The group strongly supports the town’s acquisition of the RCPC campus, she said, to help ensure that no other, undesirable, use of the property might be made by outside firms or organizations attempting to buy it directly from the state. REASON is also interested in assisting Orangetown redevelop the site using solar energy, open space and similar environmentally-friendly concepts, Mrs. Antonucci said.


Other Business

In other business at Tuesday evenings meeting the Town Board voted unanimously to:

-Authorize all elected officials and department heads to attend the annual meeting of the NYS Association of Towns convention and training session Feb. 19-22 in Manhattan, at town expense, but with only one night at a hotel.

-Grant bingo permits for 2012 to St. Margaret’s Catholic Church, St. Margaret’s School Auxiliary, St. Margaret’s Church Parish School and Temple Beth Am, all located in Pearl River.

-Approve about $3 million in budget adjustments in the 2012 annual budget, based on several changes in state aid, taxes, staffing and other factors unforeseen when the budget was drafted last fall. Finance Director Charles Richardson said the adjustments were needed prior to the arrival of the town’s auditor in town hall in a couple of weeks, to begin reviewing the town’s financial records.

-Approve renewal of an agreement with the Town of Ramapo to allow the Orangetown Police Department to use the firing range of the Ramapo Police Department in Airmont. Orangetown has no range of its own, for the county’s third largest department of about 87 officers.

-Authorize the receipt and filing of several legal documents in the Town Clerk’s office, including a lease with Verizon for a generator at the Town Hall antenna tower, a signed contract with the New York Sharks aquatics club and a change order for electrical work at the town sewer station by Blauvelt electrician Paul Valentine.

Valentine was elected to the Town Board last November, and took office Jan. 3. He sought to abstain from voting on the change order because of a possible conflict of interest since it involved his company, but ended up voting in favor after Town Attorney Edwards described the action is “ministerial” and “insignificant,” since it wasn’t approving the change order itself, merely authorizing its filing after the fact.

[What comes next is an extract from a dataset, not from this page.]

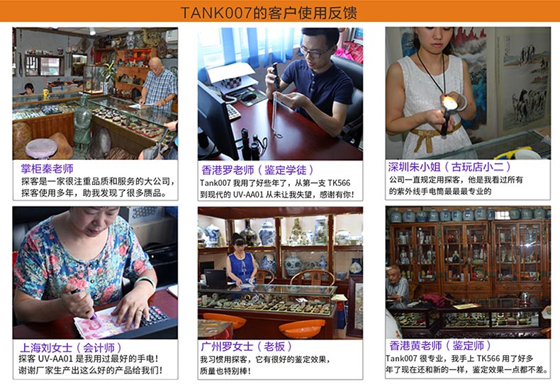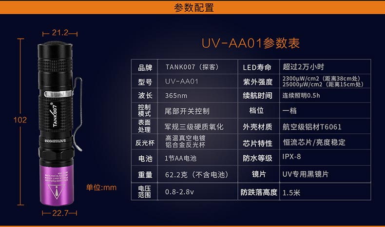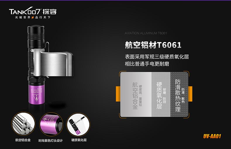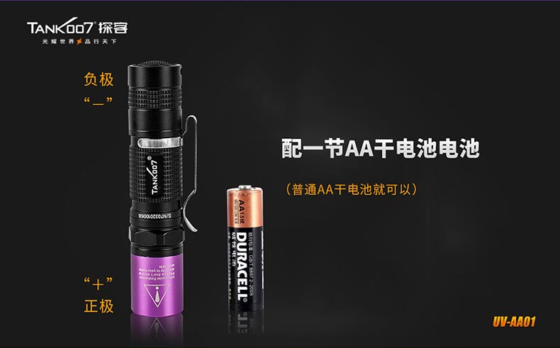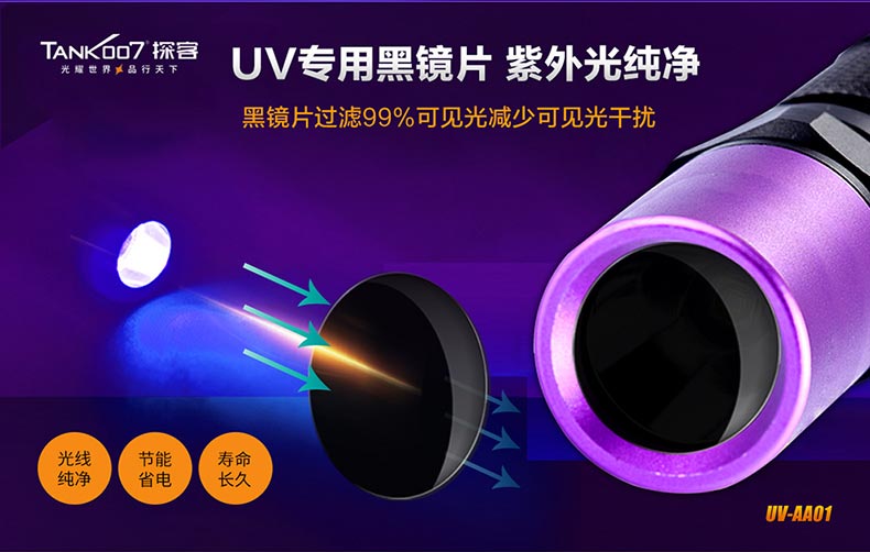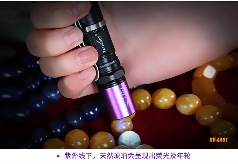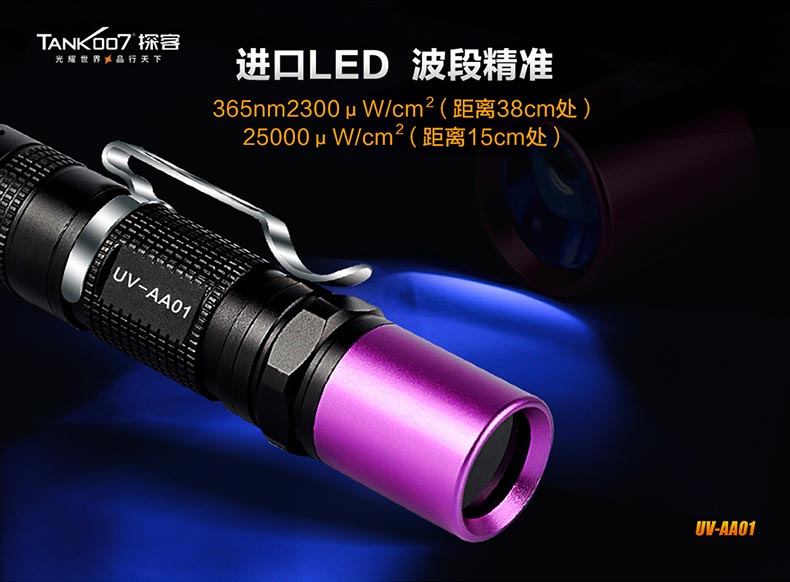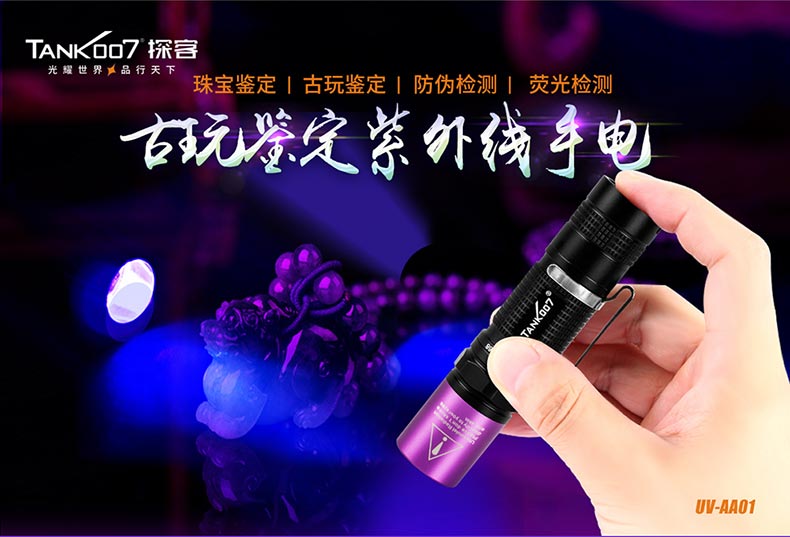TANK007探客UV-AA01熒光檢測(cè)文玩珠寶鑒定365nm紫外線手電筒:是一款便攜式迷你便攜的365nm紫外線燈手電筒,適用于文玩珠寶鑒定,痕跡檢測(cè),字畫(huà)票據(jù)/玉石鑒定檢測(cè)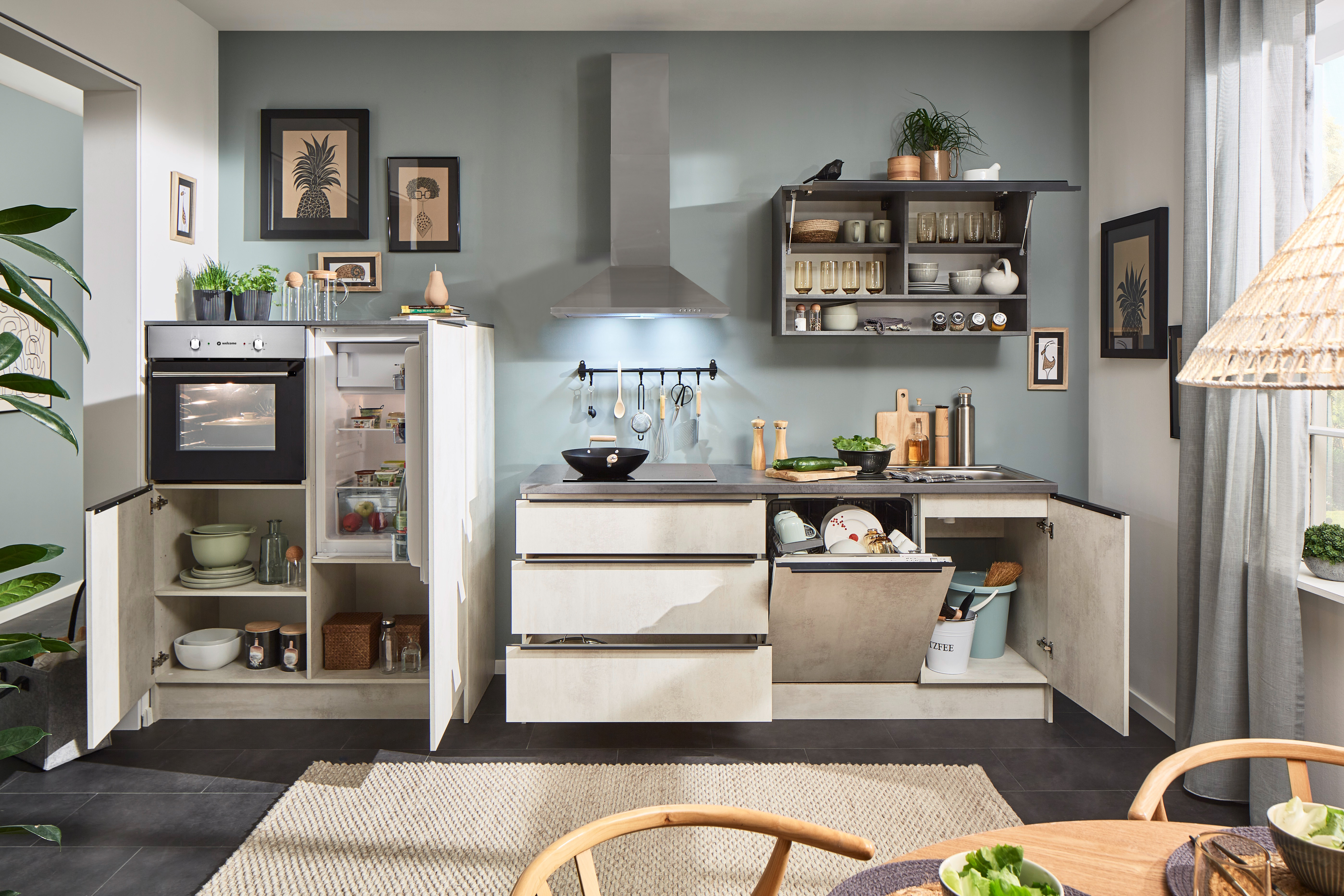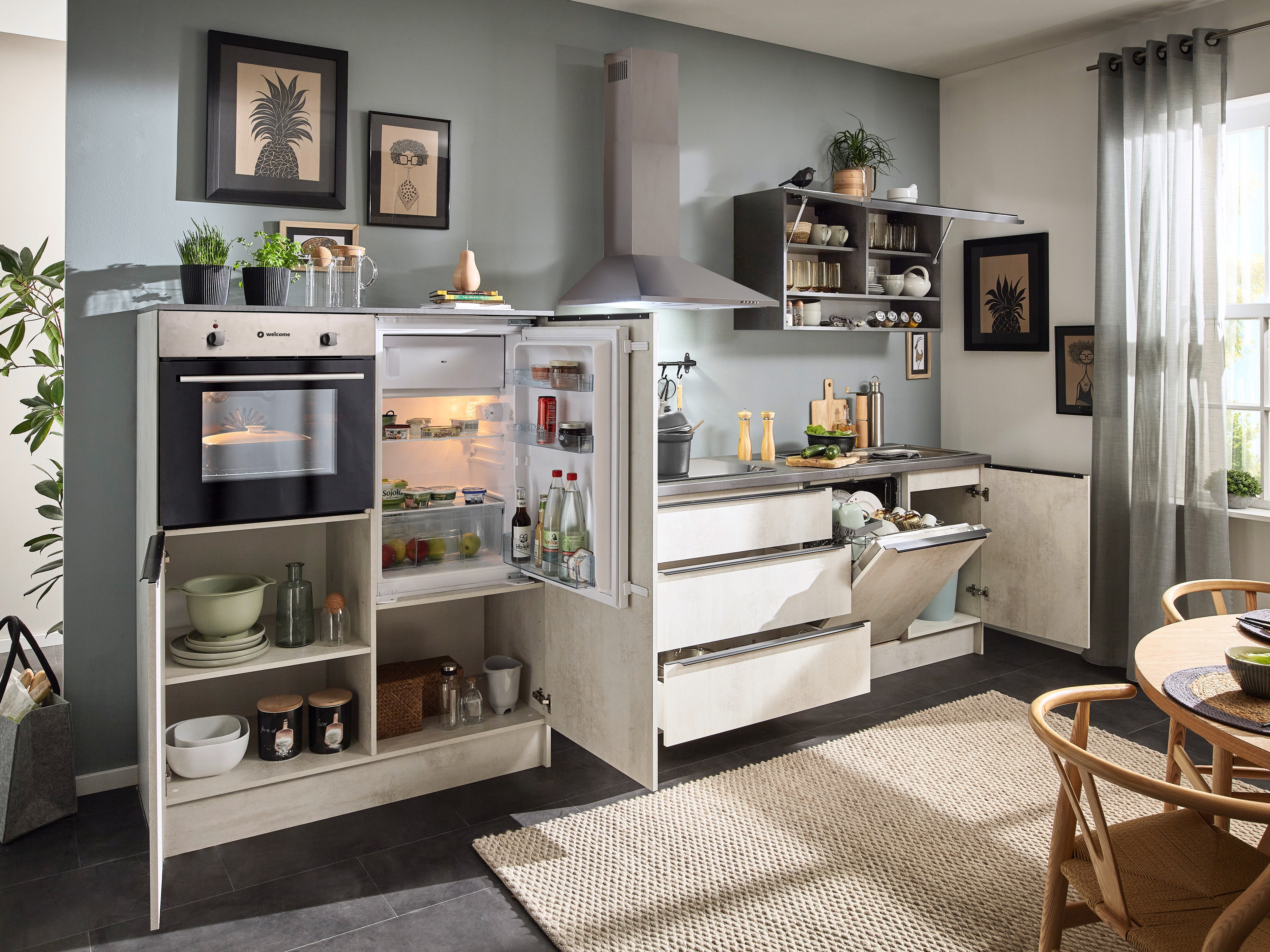 1 Küchenblock mit Elektro-Geräten wie zuvor beschrieben

The entire board decided not to approve accepting the minutes of the board’s regular, audit and executive session minutes from Dec. 13, 2011. It was noted that three of the current five members were not on the board last month, and could not vote to approve minutes for meetings they hadn’t attended. With only two members having been present, Troy and Councilman Thomas Diviny, there weren’t sufficient votes to approve the minutes, and instead they were left hanging in limbo, neither being approved nor rejected.

Town Clerk Charlotte Madigan, who took the minutes, expressed a puzzled look after the vote, shrugging her shoulders as if to say “what do I do with them now?”